__Exercise details__.
Look below for the line with "Am 23. Dezember" and the line with "- 超撥水傘布,雨滴秒滑落,拒絕黏膩感". Copy exactly those two lines and every line between, but not the pictures.

__Source data__.
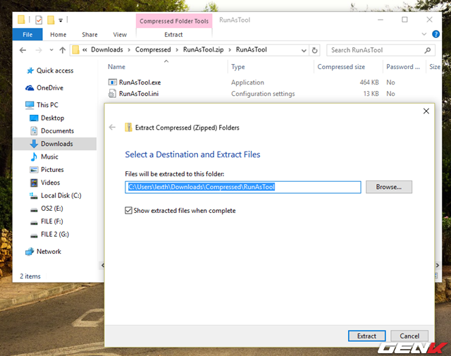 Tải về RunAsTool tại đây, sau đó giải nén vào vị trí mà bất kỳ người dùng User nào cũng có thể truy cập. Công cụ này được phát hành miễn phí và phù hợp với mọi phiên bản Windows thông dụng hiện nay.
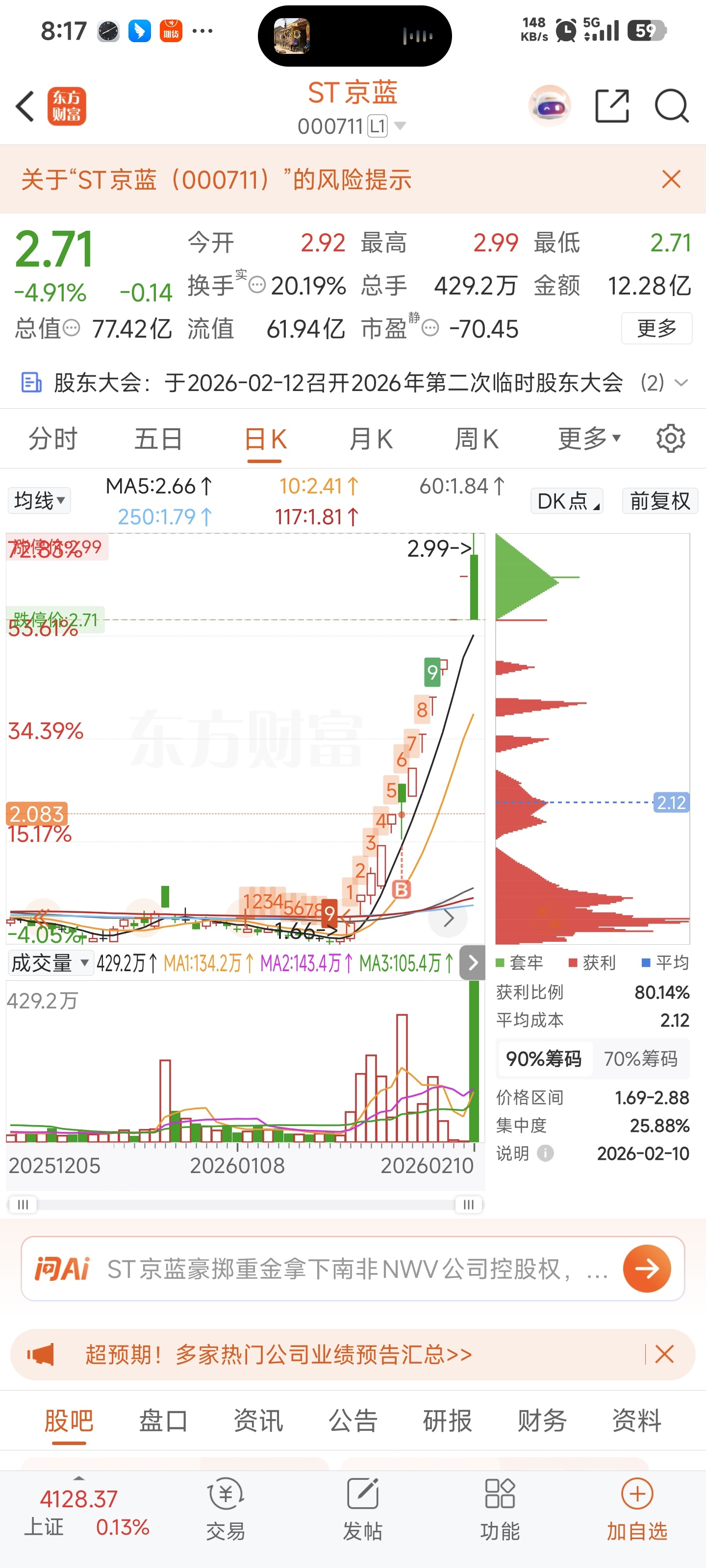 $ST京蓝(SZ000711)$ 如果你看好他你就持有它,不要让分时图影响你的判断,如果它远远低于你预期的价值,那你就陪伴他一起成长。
--
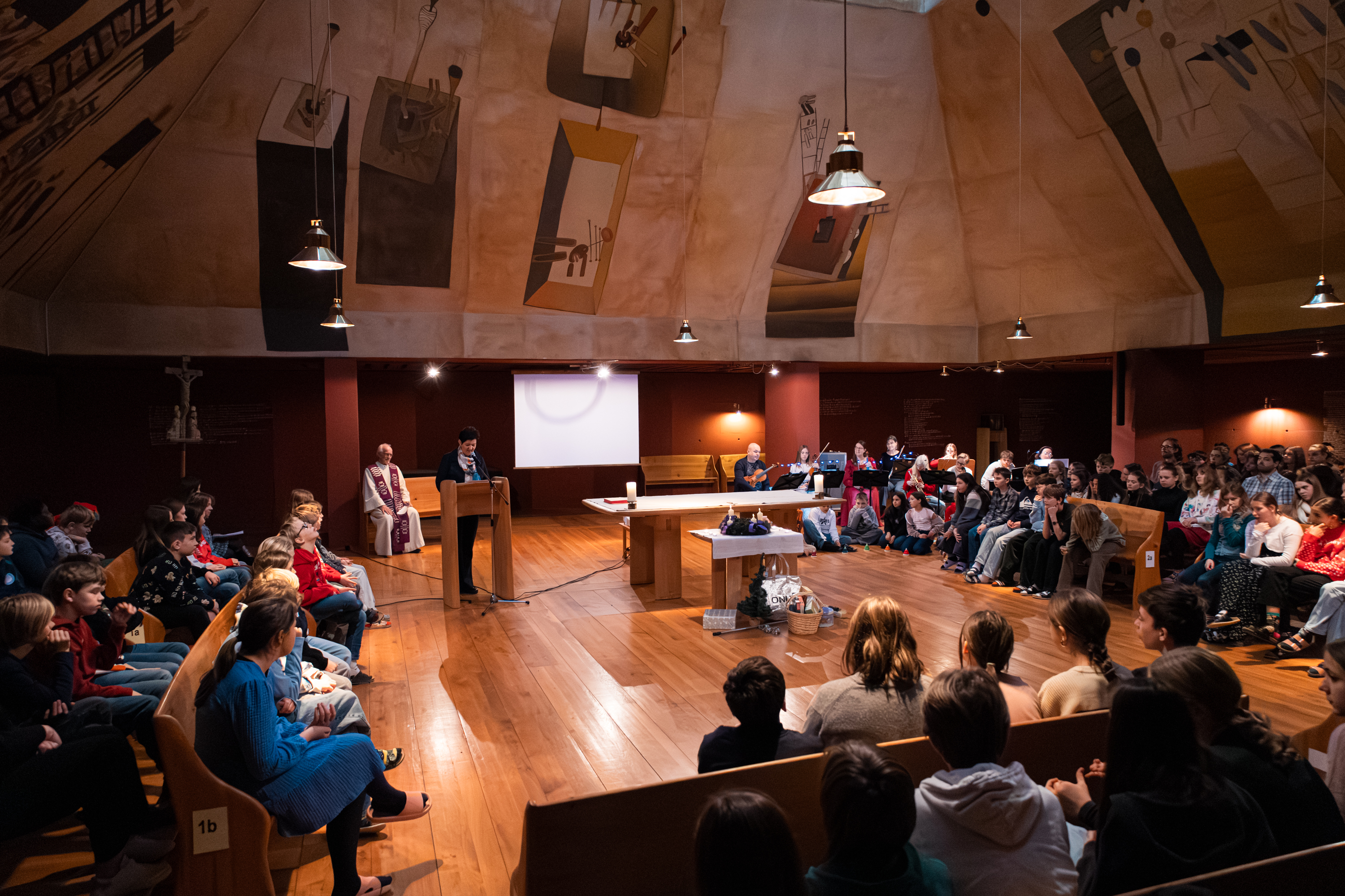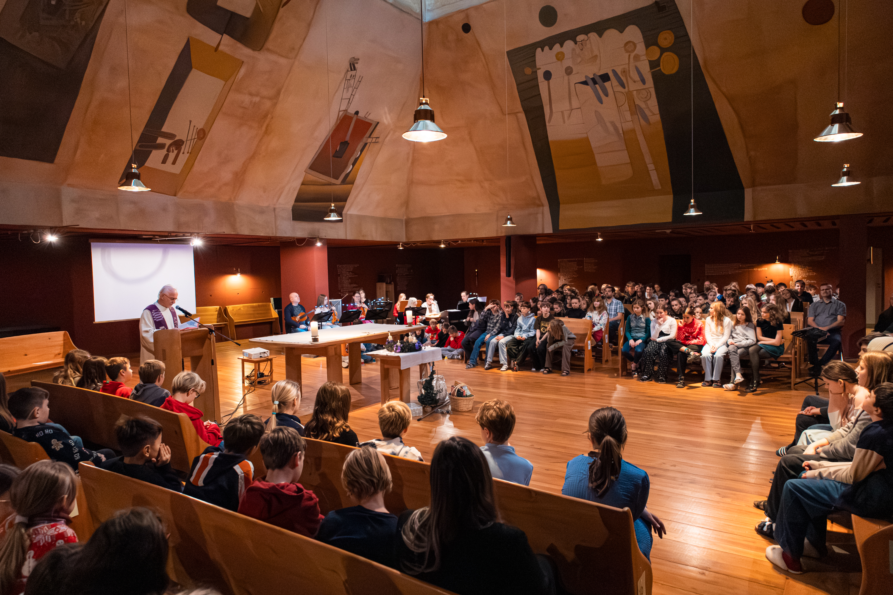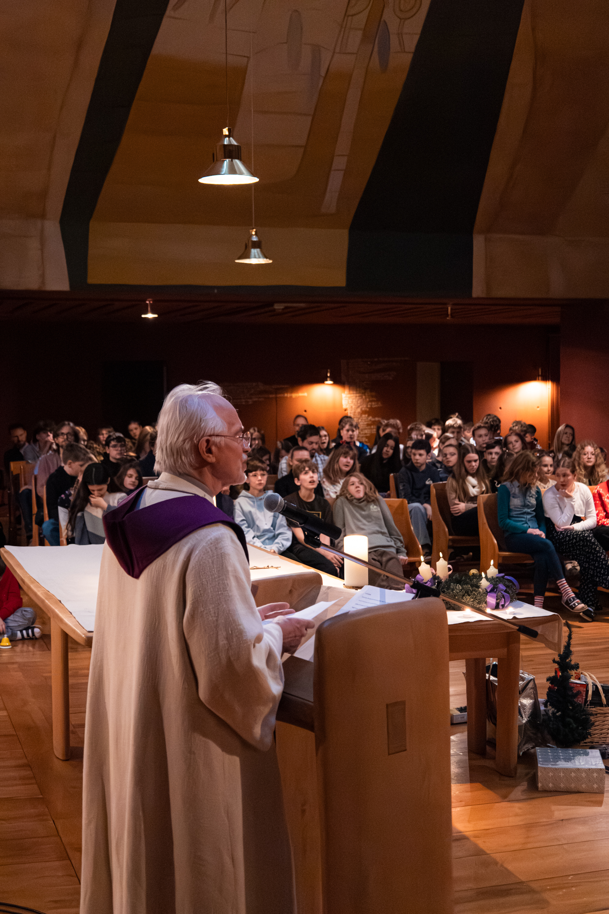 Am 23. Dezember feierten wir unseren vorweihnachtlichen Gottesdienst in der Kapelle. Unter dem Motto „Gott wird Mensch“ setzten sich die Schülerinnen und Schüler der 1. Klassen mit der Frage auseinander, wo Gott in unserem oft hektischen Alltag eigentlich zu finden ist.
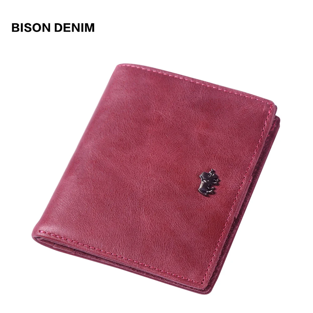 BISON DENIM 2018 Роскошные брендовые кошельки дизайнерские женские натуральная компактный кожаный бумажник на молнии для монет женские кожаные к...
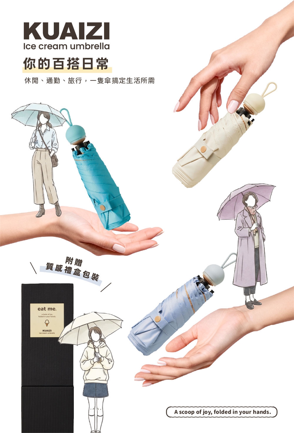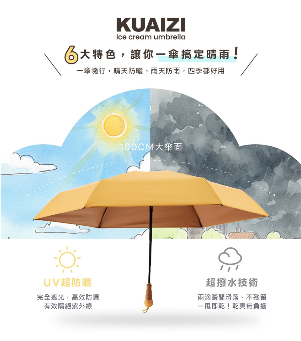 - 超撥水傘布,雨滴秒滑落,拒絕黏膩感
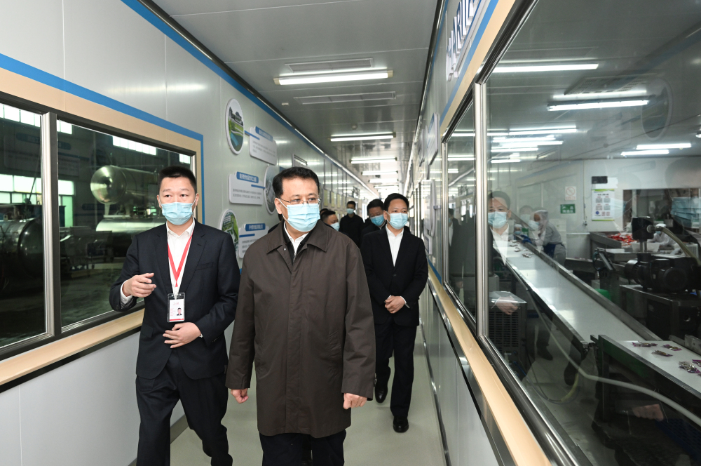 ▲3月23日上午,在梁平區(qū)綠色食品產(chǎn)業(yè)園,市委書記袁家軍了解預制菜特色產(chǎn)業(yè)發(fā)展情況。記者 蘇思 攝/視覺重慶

__Solution for this problem__.
 Am 23. Dezember feierten wir unseren vorweihnachtlichen Gottesdienst in der Kapelle. Unter dem Motto „Gott wird Mensch“ setzten sich die Schülerinnen und Schüler der 1. Klassen mit der Frage auseinander, wo Gott in unserem oft hektischen Alltag eigentlich zu finden ist.
 BISON DENIM 2018 Роскошные брендовые кошельки дизайнерские женские натуральная компактный кожаный бумажник на молнии для монет женские кожаные к...
 - 超撥水傘布,雨滴秒滑落,拒絕黏膩感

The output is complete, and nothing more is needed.